ABOUT THIS EXERCISE -
Output only the lines of the entries that follow, starting at the one with "Mostrar todos os" and running down to the one with "This room uses", both included and unchanged.

PROVIDED INFORMATION -
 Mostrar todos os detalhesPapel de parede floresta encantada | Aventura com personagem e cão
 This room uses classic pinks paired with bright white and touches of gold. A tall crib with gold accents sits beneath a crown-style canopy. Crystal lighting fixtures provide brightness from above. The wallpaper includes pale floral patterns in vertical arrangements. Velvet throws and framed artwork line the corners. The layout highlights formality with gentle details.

...

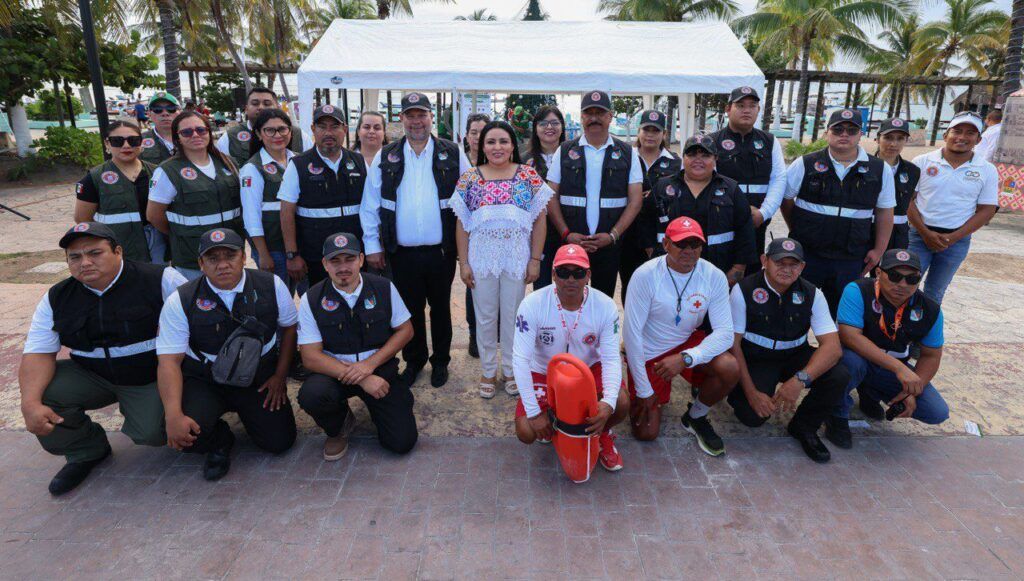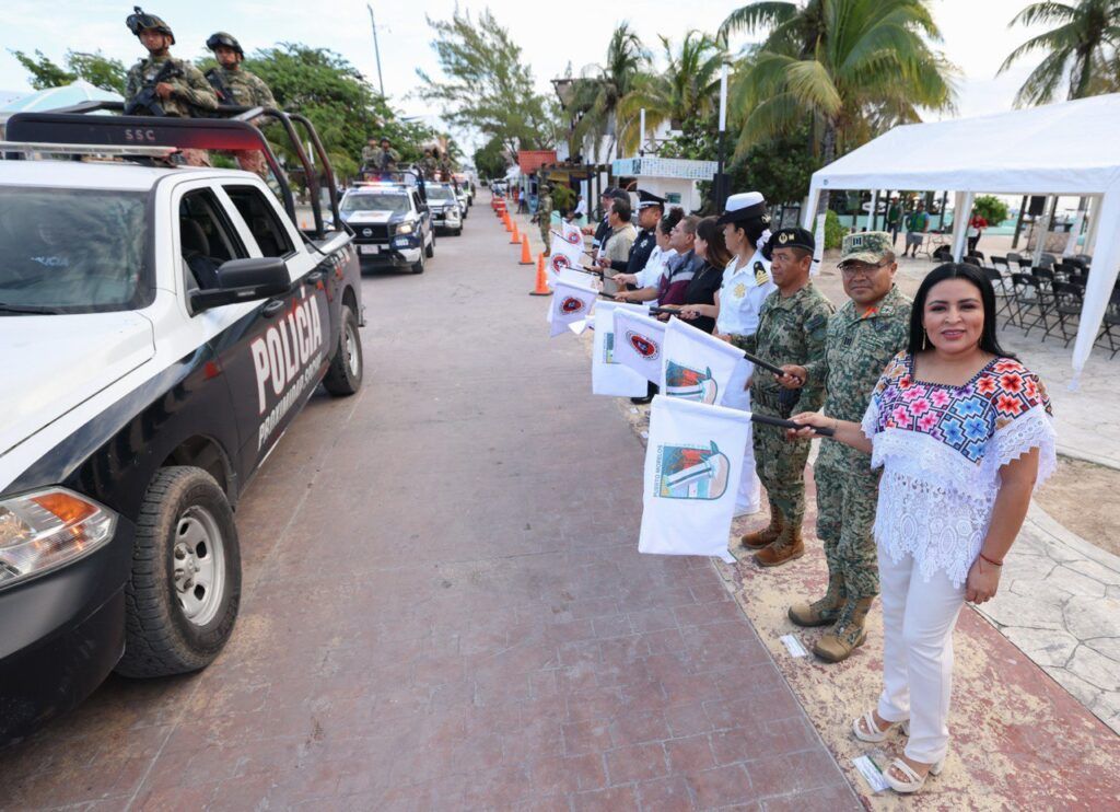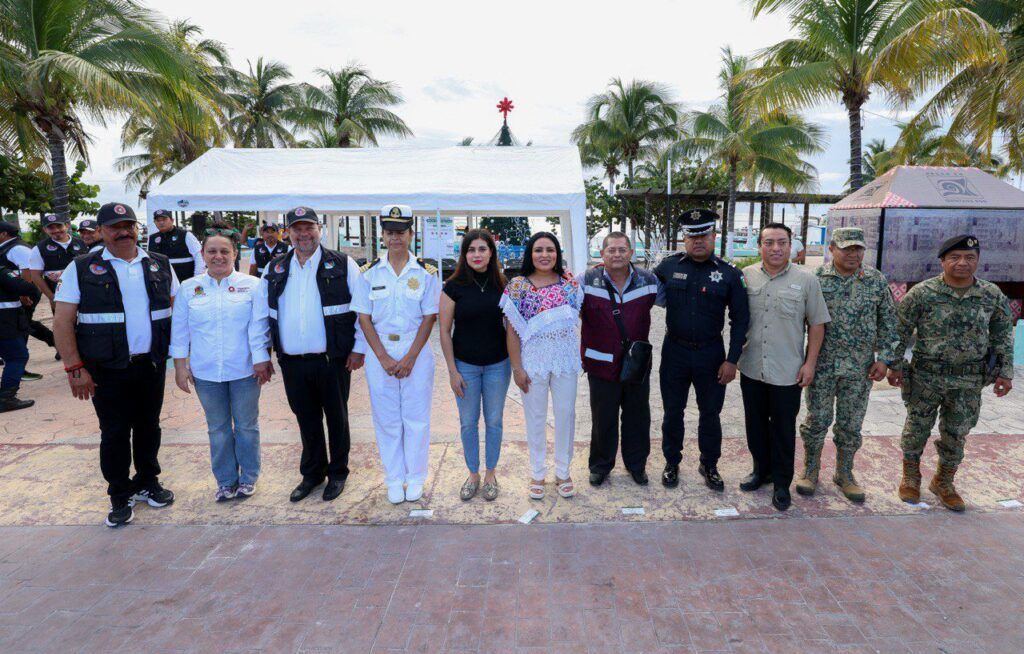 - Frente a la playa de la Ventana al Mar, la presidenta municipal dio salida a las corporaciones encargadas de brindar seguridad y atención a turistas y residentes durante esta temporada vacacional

TASK RESPONSE -
 Mostrar todos os detalhesPapel de parede floresta encantada | Aventura com personagem e cão
 This room uses classic pinks paired with bright white and touches of gold. A tall crib with gold accents sits beneath a crown-style canopy. Crystal lighting fixtures provide brightness from above. The wallpaper includes pale floral patterns in vertical arrangements. Velvet throws and framed artwork line the corners. The layout highlights formality with gentle details.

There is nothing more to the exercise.